Der Einsatz nichtrostender Materialien bei Rostschutz bietet häufig Alternativen. Ist dies nicht möglich, sind konstruktive Lösungen zu bevorzugen. Dazu zählt auch die einkontaktliche Bildung eines Rostfilms auf der Oberfläche. Ein Verrosten tieferer Schichten wird auf diese Weise erschwert oder gar verhindert.

Autor: KATALYSE Institut

Rohrreiniger

R. (Abflussreiniger) sollen Verstopfungen im Abflussbereich, die sich aus Kalkseifen, Fett, Haaren und Speiseresten aufbauen können, verhindern bzw. bereits entstandene wieder beseitigen.

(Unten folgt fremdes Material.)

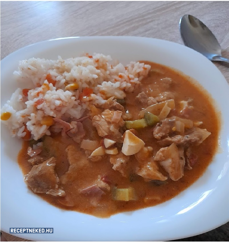 A maradék hagymát illetve egy kevés szalonnát olajon üvegesre párolok, majd megszórom pirospaprikával és jól összekeverem. Ezen a hagymás alapon megsütöm a húsokat. Végül felöntöm vízzel és készre főzom.

Dazu wird sehr aggressive Chemie eingesetzt. Es gibt zwei Anwendungsformen:
1. R.-Granulate enthalten Natriumhydroxid. Die hoch alkalische Substanz verseift Fette und greift Haare etc. an. Außerdem löst es das ebenfalls enthaltene metallische Aluminium unter starker Wärmeentwicklung und Bildung von Wasserstoff-Gas. Die Gasproduktion soll den Schmutz lockern helfen. Da Wasserstoff mit Luft das entzündliche Knallgas bilden kann, wird noch Nitrat zugesetzt, welches den Wasserstoff unter Bildung von Ammoniak abfängt.
2. Flüssige R. sind gleichfalls hoch alkalisch, enthalten daneben noch Tenside und Natriumhypochlorit (Chlorbleichlauge), wobei letzteres insb. gegen Haarverstopfungen wirkt.
Von beiden Varianten muss dringend abgeraten werden. Sie sind aufgrund ihrer ätzenden Natur gefährlich für den Anwender und korrodieren die verschiedensten Materialien. Bei den chlorhaltigen Varianten besteht bei falscher Anwendung zusammen mit Säuren (WC-Reiniger) die Gefahr spontaner Bildung von Chlor-Gas. Hinzu kommt hier die AOX-Belastung des Abwassers als weiterer Nachteil.
Seit kurzem werden R. auf Enzym-Basis angeboten. Hier ist das unmittelbare Gefährdungspotential sicherlich geringer, das ändert nichts an der Tatsache, dass Rohrverstopfungen wirksamer, preiswerter und umweltschonender mit mechanischen Methoden wie Saugglocke und Spirale behoben werden können.

Autor: KATALYSE Institut

Reizstoffe

R. werden entweder als Gase oder als feine Sprühnebel (Aerosole) eingesetzt und wirken allgemein reizend auf Augen-, Nasen und Rachenschleimhaut.
Dort verursachen sie ein Anschwellen und vermehrte Flüssigkeitsausscheidung (z.B. Tränen). Bereits im Ersten Weltkrieg wurden R. eingesetzt, die augenreizend wirken. Zu dieser unter der Bezeichnung Weißkreuz bekannten Gruppe zählen z.B. Bromaceton,
Chloraceton, CN- und CS-Gas. Die auf Nasen- und Rachenschleimhaut wirkenden R. werden unter der Bezeichnung Blaukreuz zusammengefasst.
Neben den beabsichtigten Wirkungen haben R. noch Nebenwirkungen, wie am Beispiel der Tränen-R. CN- und
CS-Gas (Chemische Keule) deutlich wird. CN-Gas führt in hoher Konzentration zu Hornhauttrübung, in schweren Fällen sogar zum Verlust des Augenlichts, auch Hautentzündungen und allergische Reaktionen sind dokumentiert. In neuester Zeit verstärken sich Hinweise, dass CN- und CS-Gas sogar eine krebserzeugende Wirkung zuzuschreiben ist.
Angesichts solcher Nebenwirkungen bleibt die Frage, ob der Einsatz dieser chemischen Kampfstoffe zur Auflösung von Demonstrationen durch die Polizei weiterhin zu vertreten ist. Auch die Möglichkeit für Privatpersonen, Sprühdosen mit CN- und
CS-Gas zum Selbstschutz käuflich zu erwerben, muss äußerst kritisch bewertet werden.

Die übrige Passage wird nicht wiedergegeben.